- **Aim of the exercise**:
Take the line containing "1938 Ricse, Zukor" and every line below it through the end of the entries, and output them verbatim, pictures excluded.

╭─ Record excerpts

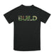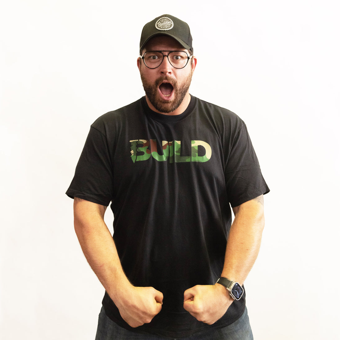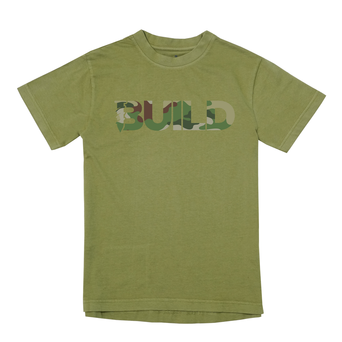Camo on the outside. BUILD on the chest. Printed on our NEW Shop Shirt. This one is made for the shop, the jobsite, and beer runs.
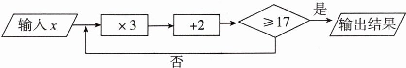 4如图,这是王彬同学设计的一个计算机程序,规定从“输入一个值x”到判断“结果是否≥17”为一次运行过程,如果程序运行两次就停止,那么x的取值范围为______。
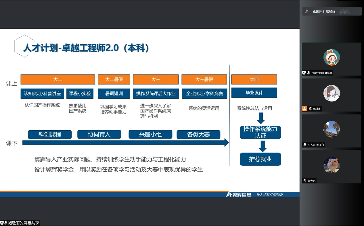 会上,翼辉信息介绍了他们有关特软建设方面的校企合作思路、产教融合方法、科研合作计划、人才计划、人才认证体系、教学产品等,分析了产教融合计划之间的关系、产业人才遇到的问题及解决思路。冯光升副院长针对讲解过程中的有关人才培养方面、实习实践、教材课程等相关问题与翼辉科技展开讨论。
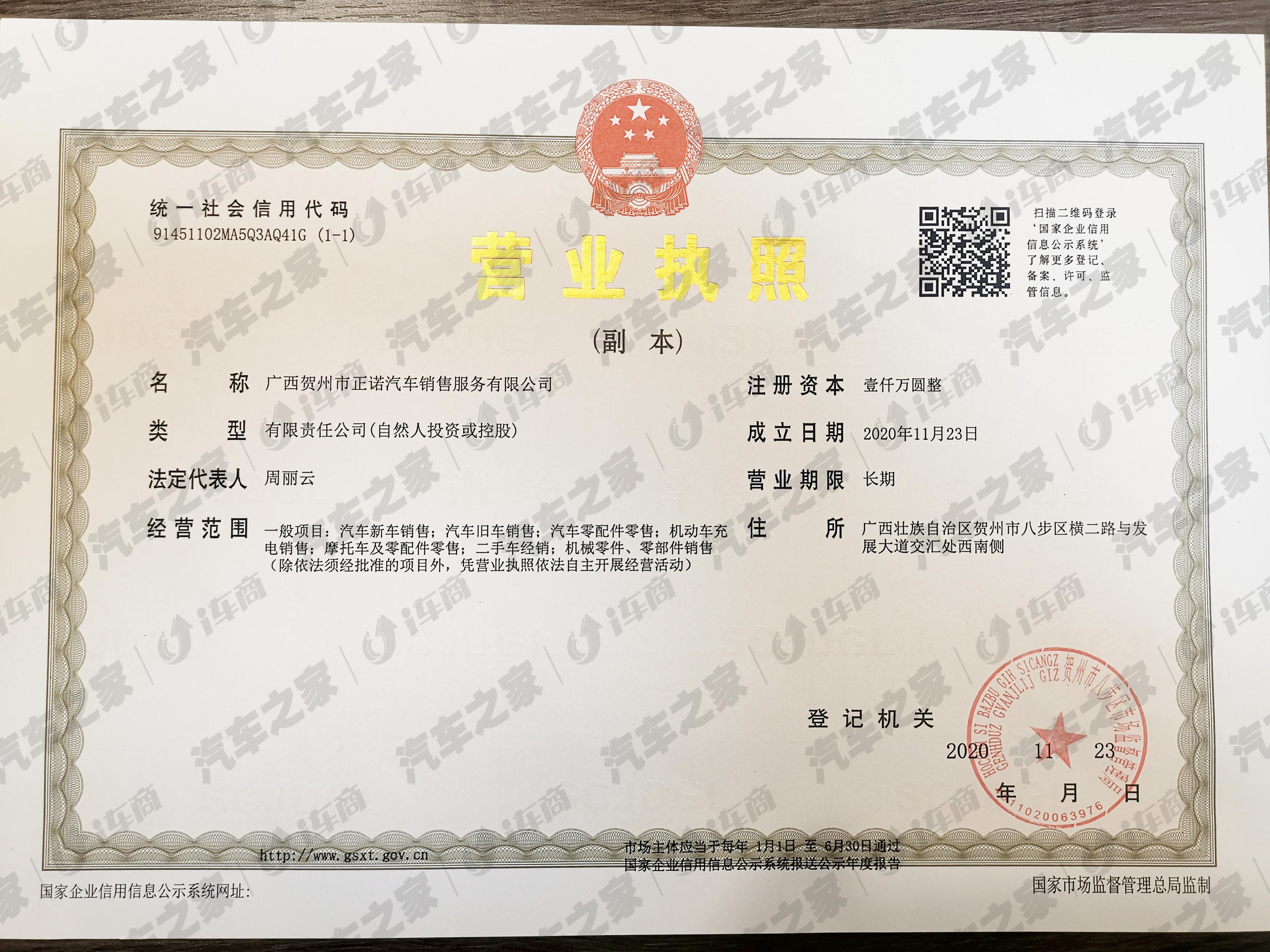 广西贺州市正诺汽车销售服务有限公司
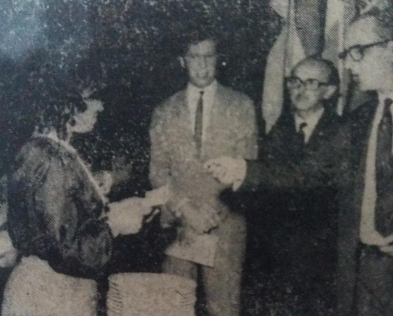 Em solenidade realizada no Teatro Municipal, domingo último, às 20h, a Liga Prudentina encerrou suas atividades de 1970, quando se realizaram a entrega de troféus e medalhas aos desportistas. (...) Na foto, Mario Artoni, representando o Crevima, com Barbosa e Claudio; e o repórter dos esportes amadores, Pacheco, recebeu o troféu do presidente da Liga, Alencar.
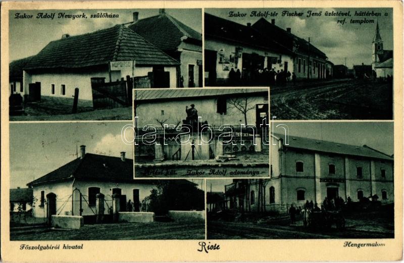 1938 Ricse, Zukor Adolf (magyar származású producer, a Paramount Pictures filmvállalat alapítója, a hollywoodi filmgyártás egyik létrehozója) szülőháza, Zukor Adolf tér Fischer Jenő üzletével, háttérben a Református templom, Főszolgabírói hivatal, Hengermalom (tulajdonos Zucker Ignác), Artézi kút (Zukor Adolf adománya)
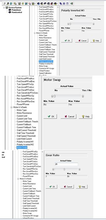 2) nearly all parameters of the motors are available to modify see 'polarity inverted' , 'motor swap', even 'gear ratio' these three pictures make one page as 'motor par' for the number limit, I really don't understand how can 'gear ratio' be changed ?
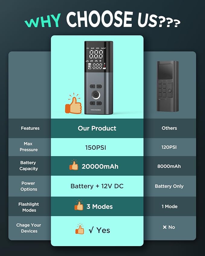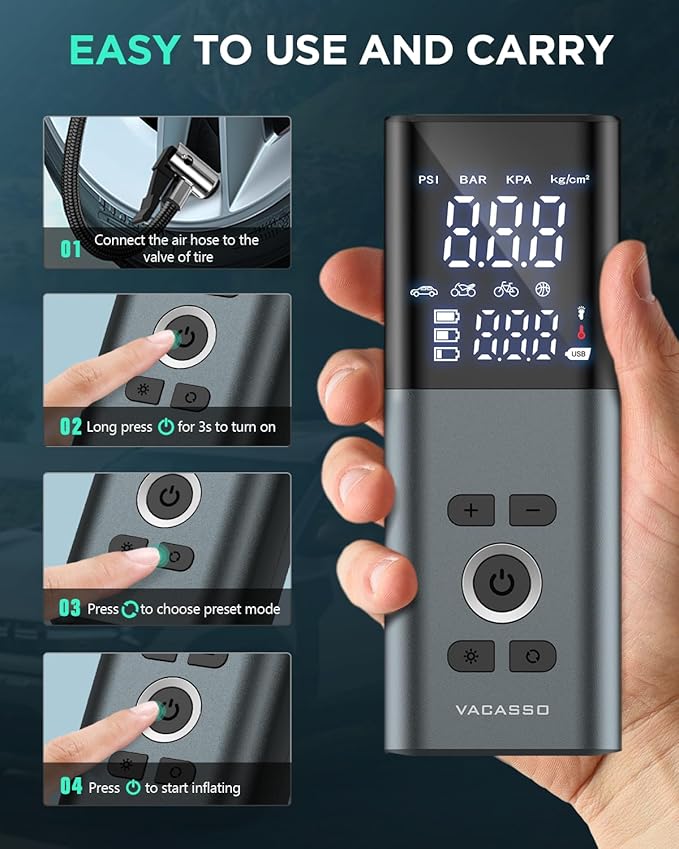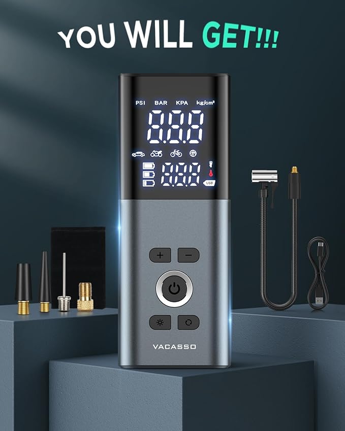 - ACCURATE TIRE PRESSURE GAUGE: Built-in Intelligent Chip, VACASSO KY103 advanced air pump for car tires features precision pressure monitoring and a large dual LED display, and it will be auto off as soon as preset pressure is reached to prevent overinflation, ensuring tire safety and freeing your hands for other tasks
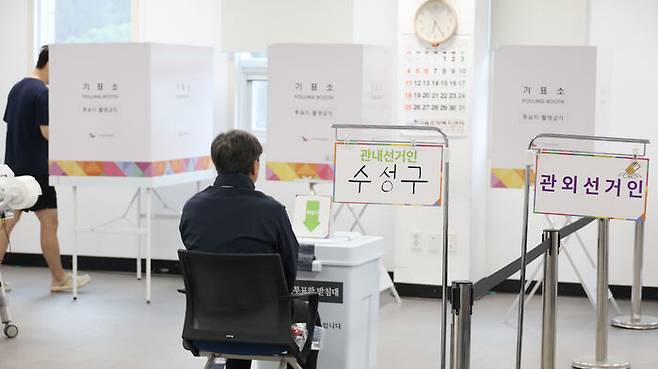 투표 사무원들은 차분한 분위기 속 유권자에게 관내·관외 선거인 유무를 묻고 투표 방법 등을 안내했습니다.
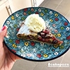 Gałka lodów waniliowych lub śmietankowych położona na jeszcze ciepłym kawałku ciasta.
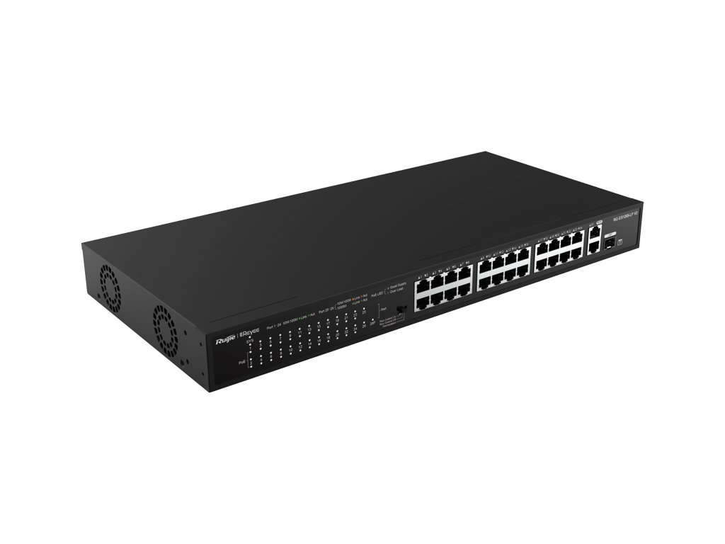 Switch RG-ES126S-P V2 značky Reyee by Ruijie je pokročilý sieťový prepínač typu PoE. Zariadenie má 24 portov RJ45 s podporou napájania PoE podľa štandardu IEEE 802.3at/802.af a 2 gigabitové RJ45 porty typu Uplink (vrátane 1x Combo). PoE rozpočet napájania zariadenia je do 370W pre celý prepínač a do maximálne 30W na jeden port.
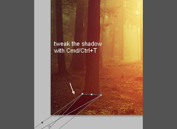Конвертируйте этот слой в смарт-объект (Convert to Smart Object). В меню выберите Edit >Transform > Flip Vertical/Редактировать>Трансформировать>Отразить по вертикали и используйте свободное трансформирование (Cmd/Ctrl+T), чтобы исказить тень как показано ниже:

╰─

- **Answer space**:
 1938 Ricse, Zukor Adolf (magyar származású producer, a Paramount Pictures filmvállalat alapítója, a hollywoodi filmgyártás egyik létrehozója) szülőháza, Zukor Adolf tér Fischer Jenő üzletével, háttérben a Református templom, Főszolgabírói hivatal, Hengermalom (tulajdonos Zucker Ignác), Artézi kút (Zukor Adolf adománya)
 2) nearly all parameters of the motors are available to modify see 'polarity inverted' , 'motor swap', even 'gear ratio' these three pictures make one page as 'motor par' for the number limit, I really don't understand how can 'gear ratio' be changed ?
 - ACCURATE TIRE PRESSURE GAUGE: Built-in Intelligent Chip, VACASSO KY103 advanced air pump for car tires features precision pressure monitoring and a large dual LED display, and it will be auto off as soon as preset pressure is reached to prevent overinflation, ensuring tire safety and freeing your hands for other tasks
 투표 사무원들은 차분한 분위기 속 유권자에게 관내·관외 선거인 유무를 묻고 투표 방법 등을 안내했습니다.
 Gałka lodów waniliowych lub śmietankowych położona na jeszcze ciepłym kawałku ciasta.
 Switch RG-ES126S-P V2 značky Reyee by Ruijie je pokročilý sieťový prepínač typu PoE. Zariadenie má 24 portov RJ45 s podporou napájania PoE podľa štandardu IEEE 802.3at/802.af a 2 gigabitové RJ45 porty typu Uplink (vrátane 1x Combo). PoE rozpočet napájania zariadenia je do 370W pre celý prepínač a do maximálne 30W na jeden port.
Конвертируйте этот слой в смарт-объект (Convert to Smart Object). В меню выберите Edit >Transform > Flip Vertical/Редактировать>Трансформировать>Отразить по вертикали и используйте свободное трансформирование (Cmd/Ctrl+T), чтобы исказить тень как показано ниже:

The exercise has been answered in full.